***** DATA SUPPLIED

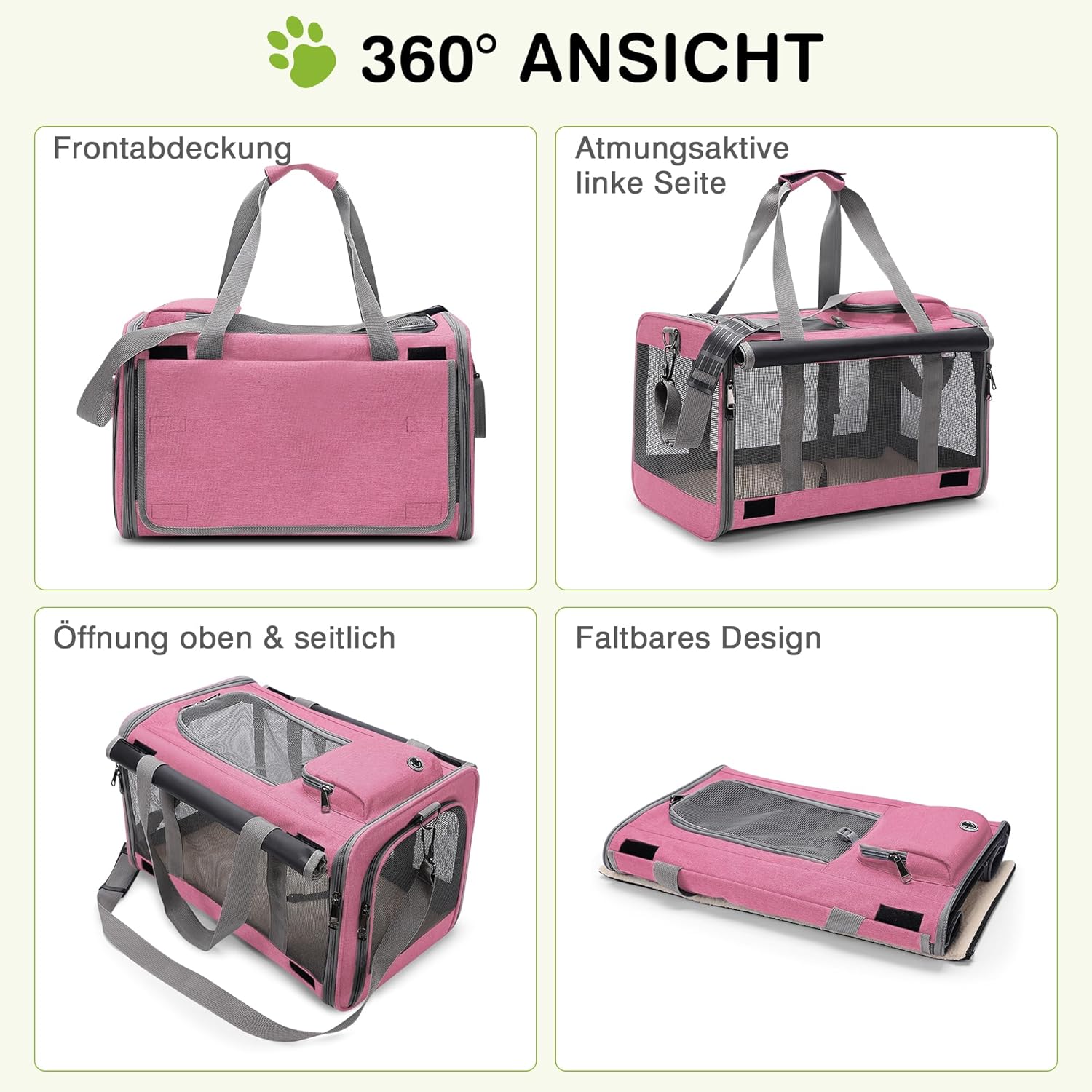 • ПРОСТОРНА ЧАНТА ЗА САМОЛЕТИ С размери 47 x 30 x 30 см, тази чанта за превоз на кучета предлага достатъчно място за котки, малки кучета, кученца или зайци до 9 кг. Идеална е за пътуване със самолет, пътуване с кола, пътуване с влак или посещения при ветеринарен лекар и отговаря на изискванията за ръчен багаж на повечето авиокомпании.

**********
***** DATA SUPPLIED

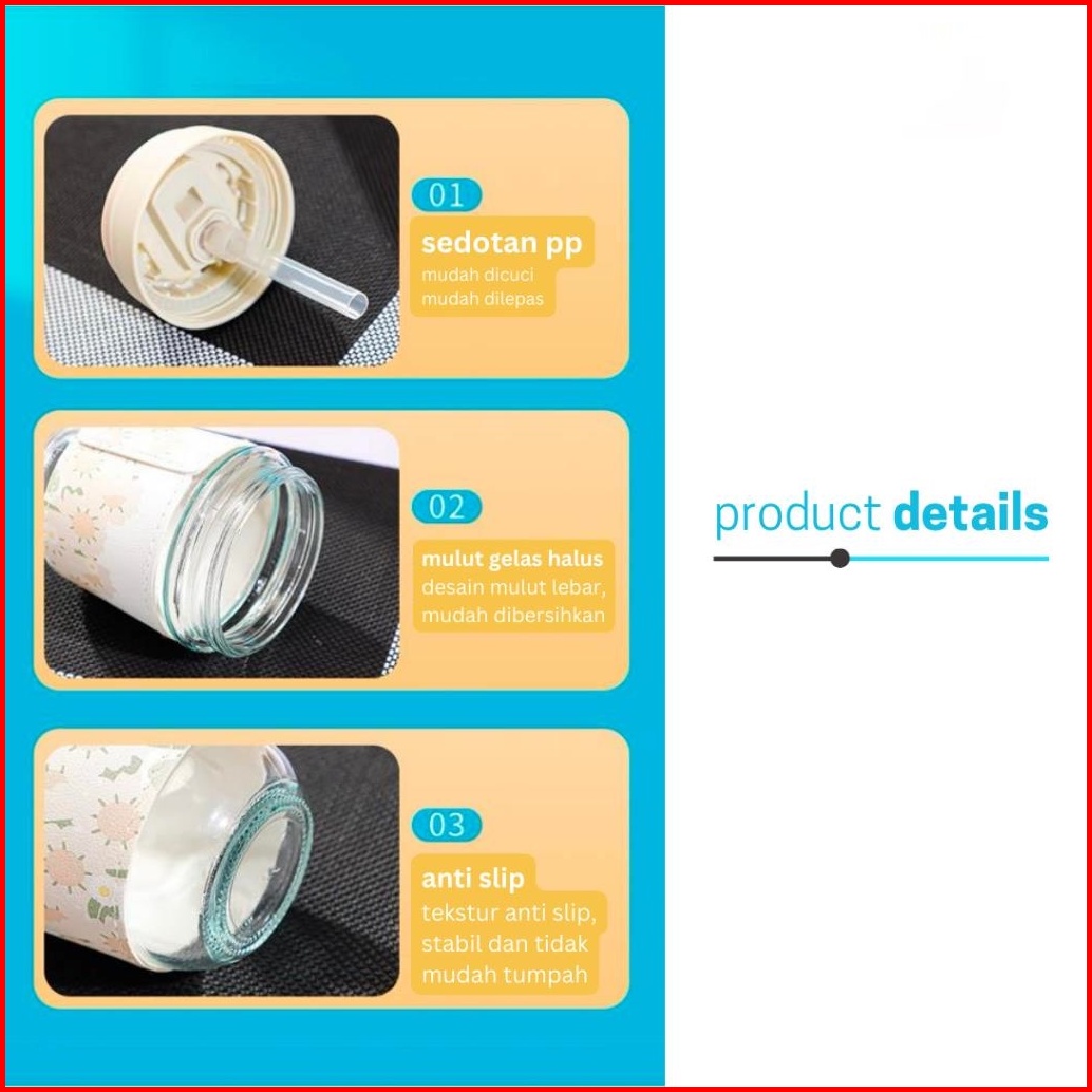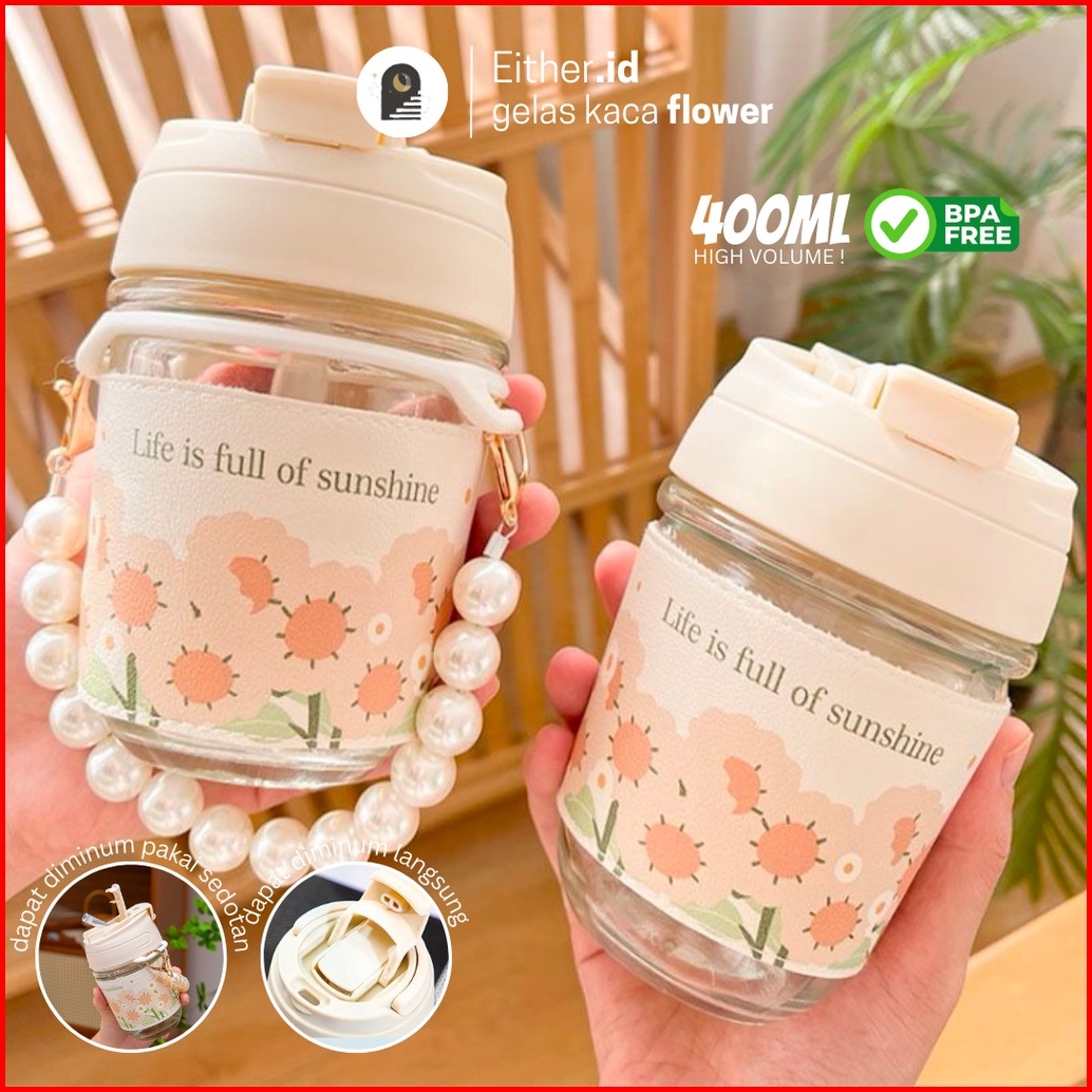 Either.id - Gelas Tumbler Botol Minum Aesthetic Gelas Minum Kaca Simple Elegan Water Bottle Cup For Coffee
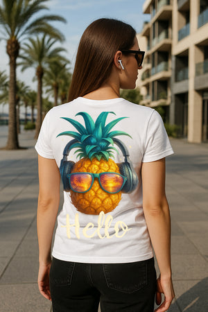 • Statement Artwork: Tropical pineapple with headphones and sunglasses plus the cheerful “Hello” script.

**********
***** DATA SUPPLIED

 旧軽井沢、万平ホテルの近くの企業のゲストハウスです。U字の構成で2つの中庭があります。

**********

EXERCISE DESCRIPTION
Look above for the line containing "Either.id - Gelas", then copy exactly from it through the line containing "Statement Artwork: Tropical", keeping both and leaving out pictures. Add nothing else.

TASK OUTPUT
 Either.id - Gelas Tumbler Botol Minum Aesthetic Gelas Minum Kaca Simple Elegan Water Bottle Cup For Coffee
 • Statement Artwork: Tropical pineapple with headphones and sunglasses plus the cheerful “Hello” script.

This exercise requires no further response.